Le mentorat transmet la piqure de la médecine aux Autochtones
Des programmes de mentorats en médecine, implantés tôt, sont essentiels pour rectifier « les lacunes structurelles en matière d'éducation, d'orientation et de représentation » qui leur ont causé un tort transgénérationnel.
Petite, Jolianne Ottawa jouait au docteur avec la pensée intrusive de « ne pas être assez intelligente pour aller à l’université ». Originaire de la Première Nation atikamekw, située à Manawan dans la région de Lanaudière au Québec, elle s’était promis d’arrêter l’école à 16 ans parce que c’était « trop pénible » d’accumuler les mauvaises notes.

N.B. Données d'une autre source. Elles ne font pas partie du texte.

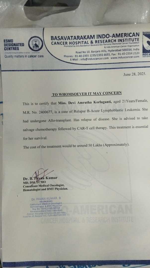 K. Devi Amrutha was diagnosed with acute blood cancer (leukemia) in November 2023. Since December 2023, she has been undergoing intensive treatment, including radiation therapy and chemotherapy, at Basavatarakam Indo-American Cancer Hospital.

« Tellement de choses ont été dites sur les Premières Nations : on n’est pas assez intelligents (…) on vit aux crochets du gouvernement et on ne devrait pas avoir autant d’aides parce que c’est de la triche », dénonce Mme Ottawa.
La résilience des peuples autochtones continue de faire son chemin, mais ne gomme pas le sentiment d’infériorité qui se traduit par un syndrome de l’imposteur pernicieux bien ancré qui mine leurs aspirations dès l’école. Selon le dernier rapport du vérificateur général du Québec, le manque de soutien scolaire et financier aurait entravé la réussite académique des Premières Nations, puisque 31,4 % des 25 à 34 ans n’ont ni certificat ou diplôme, contre 9,3 % des non-Autochtones.

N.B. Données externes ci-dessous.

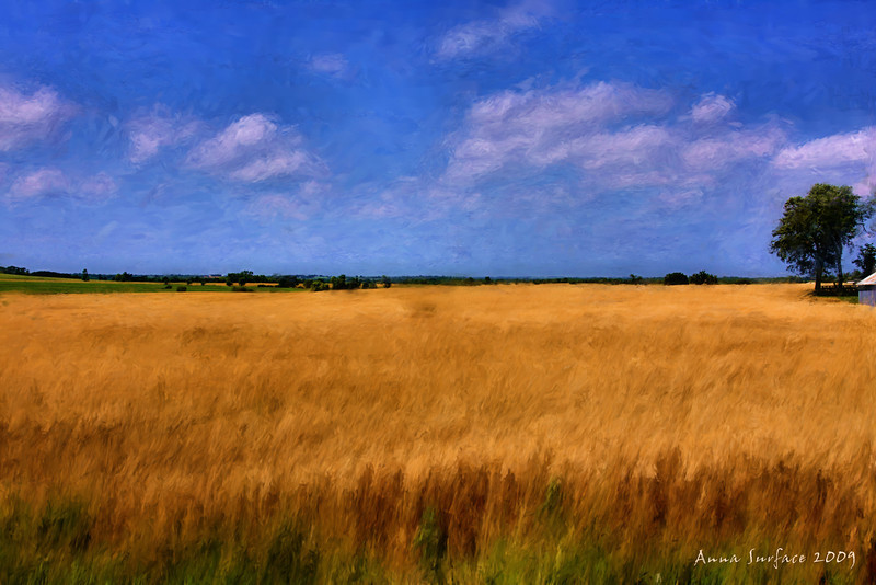 It got me thinking about the landscape in Kansas- somewhat hilly but "flatter than a pancake". Kansas is the 21st flattest state. North Dakota is the flattest. Anyway, I went online to look at paintings of Kansas and found so many gems, I just had to make a posting about it. Seems artists are infatuated by Kansas's landscape- flat as a pancake covered in sunflowers and farms...

C’est en se projetant dans l’avenir familial dont elle rêvait, que Mme Ottawa a trimé pour décrocher son diplôme d’études secondaires. Au terme de sauts d’obstacles semés d’insécurités financières, alimentaires, identitaires, et de conseillers d’orientation pessimistes, Mme Ottawa a obtenu un diplôme d’études collégiales en soins infirmiers. Elle s’est ensuite installée dans sa communauté à titre d’infirmière de proximité, où elle a gravi les échelons jusqu’à superviser le personnel infirmier des services de santé Masko-Siwin.
Sa carrière professionnelle a atténué son complexe d’infériorité qui l’a menée, à 41 ans, à décrocher un baccalauréat en sciences infirmières de l’Université Laval (ULaval). Elle n’avait pas la cote de rendement minimale pour être admise, mais a été acceptée à condition de suivre un programme de mentorat qui l’a bouleversée. Cette formation lui a révélé son potentiel intellectuel et même l’inconcevable : elle aurait pu devenir médecin si elle avait grandi « dans les bonnes conditions », c’est-à-dire avec des encouragements et un soutien psychosocial dès l’école primaire.
Un enjeu de représentation
Selon un rapport récent, Answering the Call, Strategies to Increase the Number of Indigenous Physicians in Canada, corédigé par le Centre des Compétences futures et le Conference Board of Canada : « Le mentorat de médecins autochtones renforce la confiance en soi, réduit l’isolement et favorise le soutien respectueux de la pluralité Autochtone au sein de services de soins de santé complexes et souvent discriminatoires. »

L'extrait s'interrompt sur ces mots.